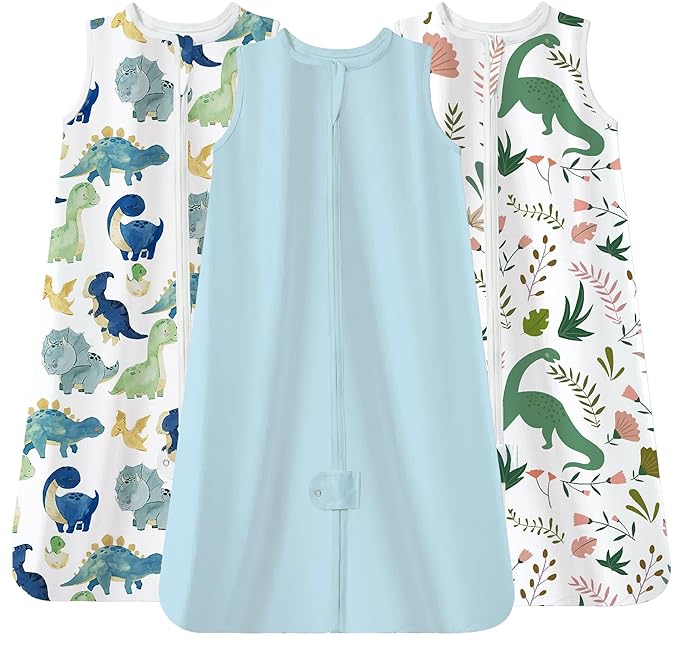TotAha Cute Dinos Sleep Sack 6-12 Months 3 Pack, Buttery Soft Swaddle Transition Wearable Blanket Baby Sleeping Bag, 0.5 TOG
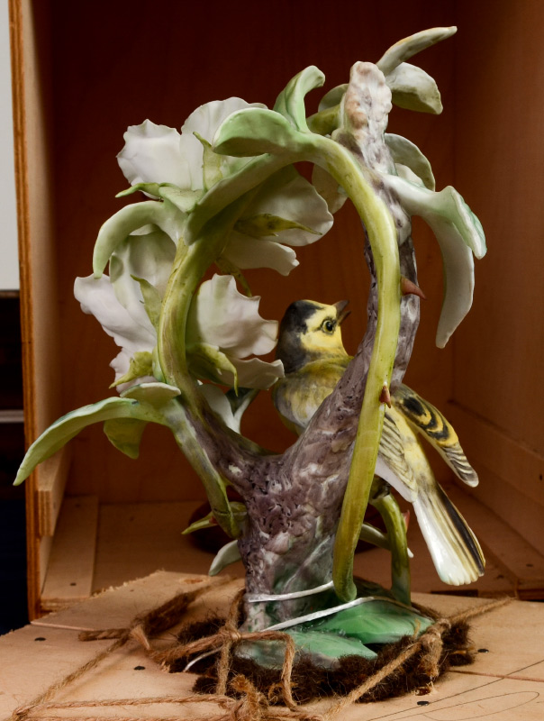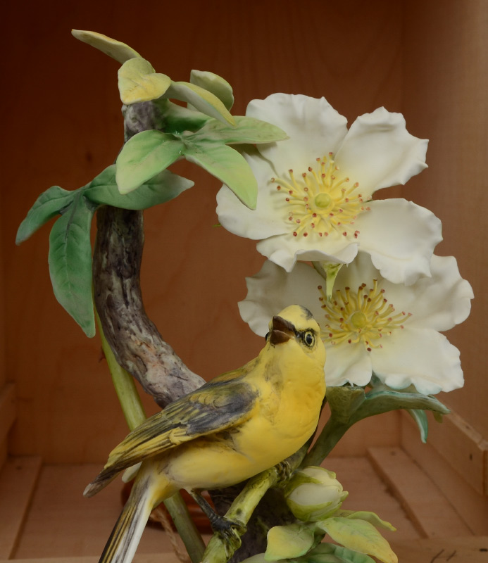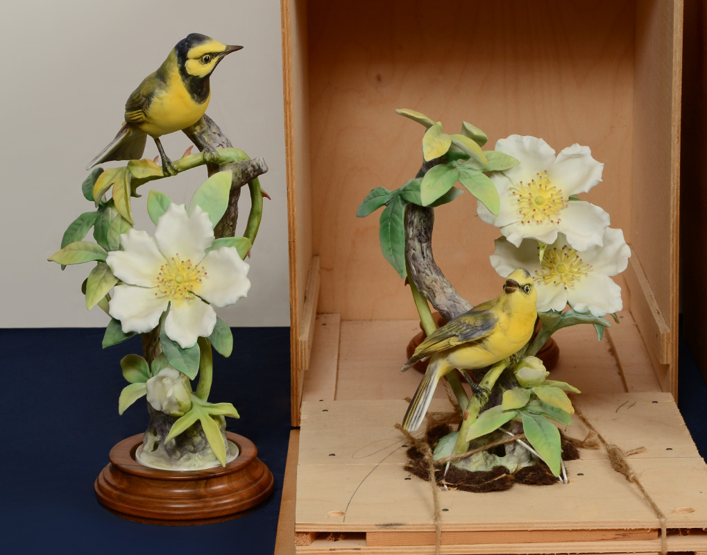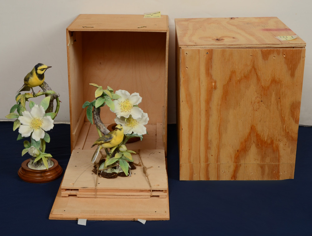 PAIR OF DOROTHY DOUGHTY PORCELAIN BIRD FIGURES: Hooded Warbler hen & cock, each standing on flowering branches. Larger of the 2 measures 11'' h. x 6'' x 7 3/4''. Includes custom boxes and stands for transportation. Box for male is 14 3/4'' h. x 15'' x 12 1/2''. Box for female is 14 1/2'' h. x 11'' x 11 1/4''.
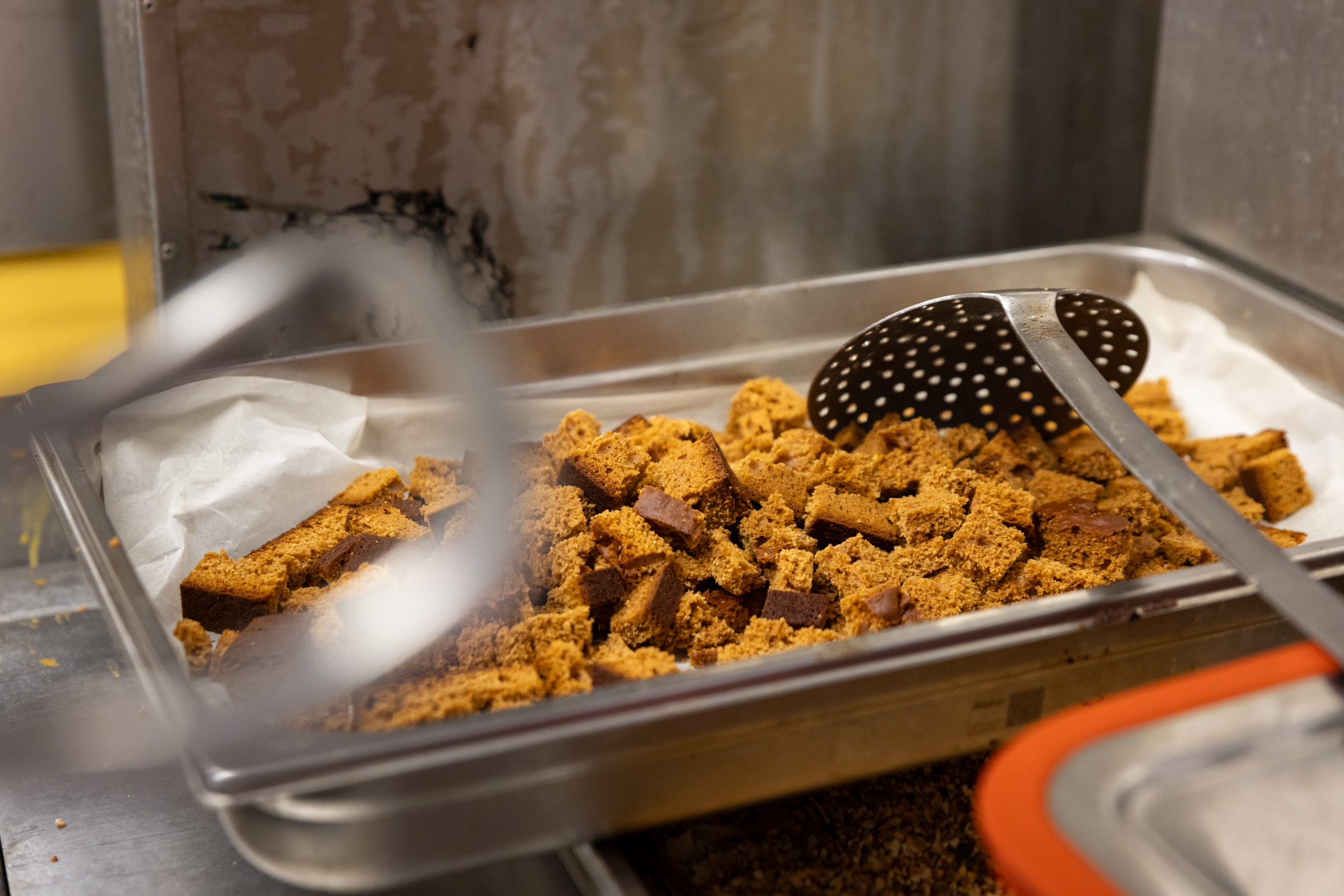 Patrick et son équipe sont fin prêts à faire de cette journée un véritable hommage au goût et à la convivialité. “On reçoit les recettes clés en main, elles sont très bien faites”, explique Patrick. “On fait souvent un essai la semaine précédente pour faire goûter à la diététicienne et au personnel de la Caisse des écoles du 18e.” Les recettes doivent être respectées, mais la créativité reste permise. “On peut toujours ajouter notre petite touche personnelle. Pour la tarte aux amandes, noisettes et bananes, j’ai pris le soin de torréfier les amandes, pour réveiller leur arôme et leur croquant.”
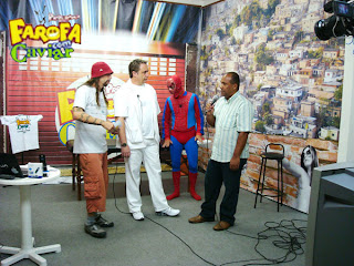 Biólogo Carlos Simas falando aos apresentadores Ernesto Bianch(de branco) e Dom Ratão(chapéu vermelho) tendo ao fundo o Homem aranha, com o folder da Dengue.
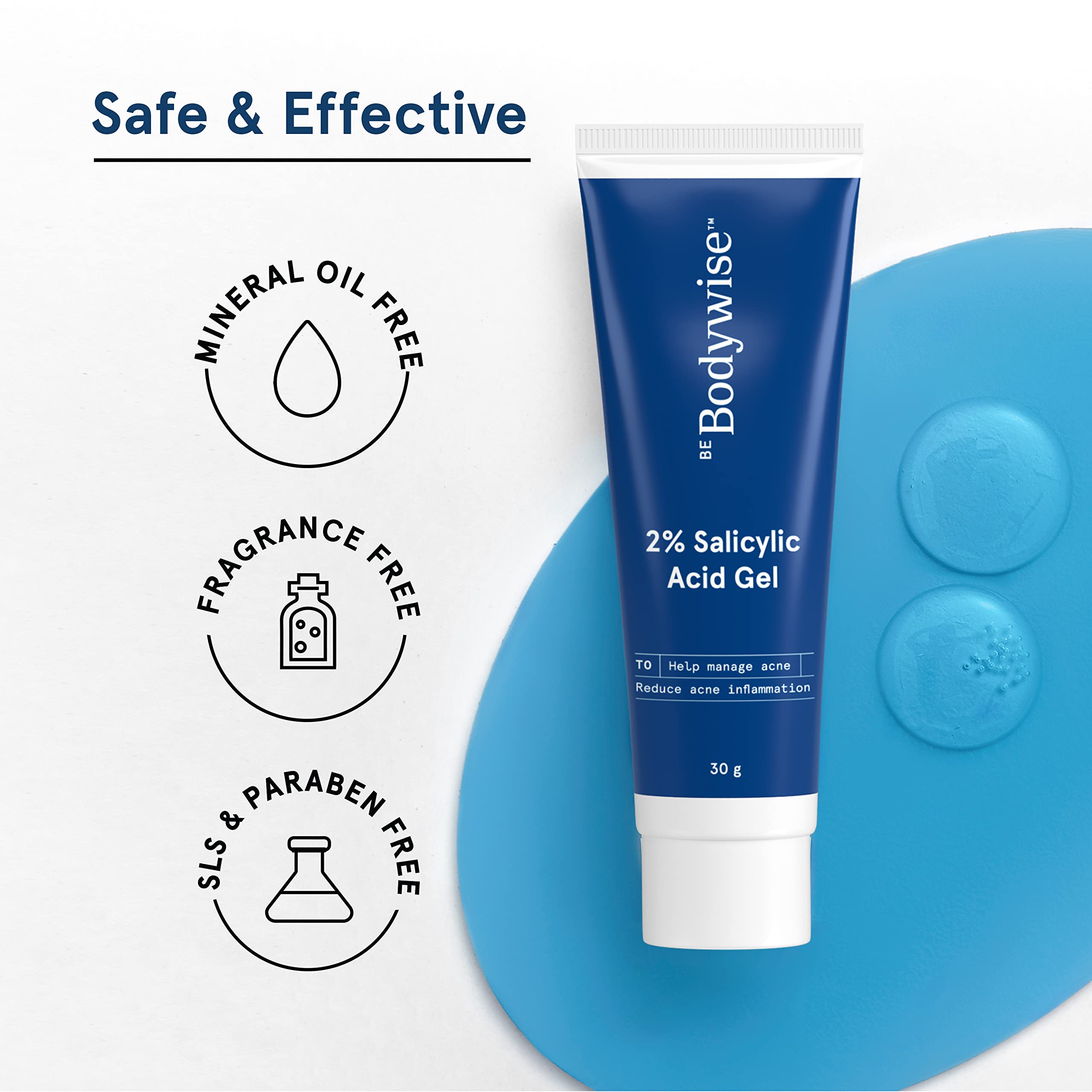 Be Bodywise 2% salicylic acid gel | Reduces Acne Breakouts & Spots | 2% Salicylic Acid 1% Glycolic Acid and 4% Niacinamide | Fragrance Free | 30 grams
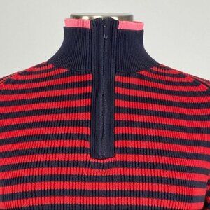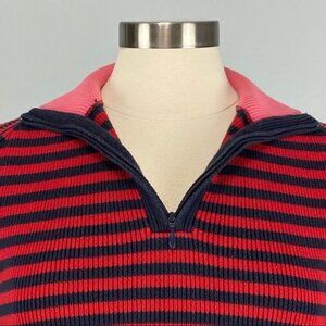 Tommy Hilfiger Womens Striped Red Blue Sweater Quarter Zip Collar size Large
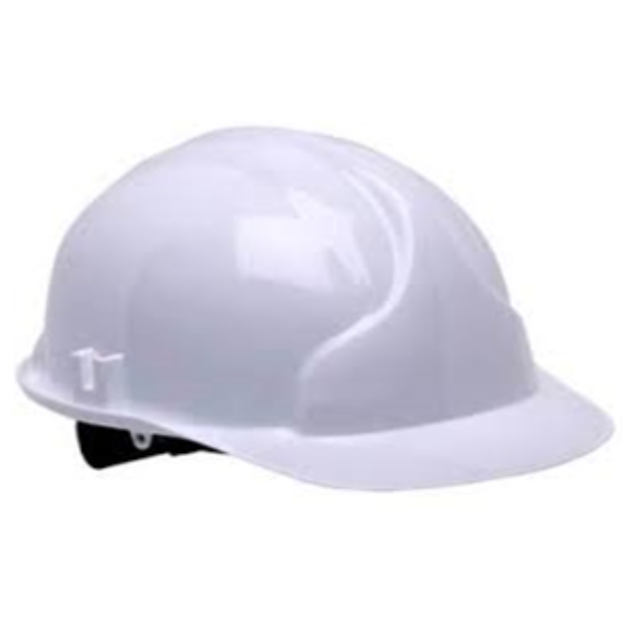 Impact‑resistant safety helmet WHITE with adjustable suspension for a secure, comfortable fit.

■ Task goal
Repeat each line word for word, from the one with "Patrick et son" down to the last line of the data, and keep the pictures out of it.

■ Solution below
 Patrick et son équipe sont fin prêts à faire de cette journée un véritable hommage au goût et à la convivialité. “On reçoit les recettes clés en main, elles sont très bien faites”, explique Patrick. “On fait souvent un essai la semaine précédente pour faire goûter à la diététicienne et au personnel de la Caisse des écoles du 18e.” Les recettes doivent être respectées, mais la créativité reste permise. “On peut toujours ajouter notre petite touche personnelle. Pour la tarte aux amandes, noisettes et bananes, j’ai pris le soin de torréfier les amandes, pour réveiller leur arôme et leur croquant.”
 Biólogo Carlos Simas falando aos apresentadores Ernesto Bianch(de branco) e Dom Ratão(chapéu vermelho) tendo ao fundo o Homem aranha, com o folder da Dengue.
 Be Bodywise 2% salicylic acid gel | Reduces Acne Breakouts & Spots | 2% Salicylic Acid 1% Glycolic Acid and 4% Niacinamide | Fragrance Free | 30 grams
 Tommy Hilfiger Womens Striped Red Blue Sweater Quarter Zip Collar size Large
 Impact‑resistant safety helmet WHITE with adjustable suspension for a secure, comfortable fit.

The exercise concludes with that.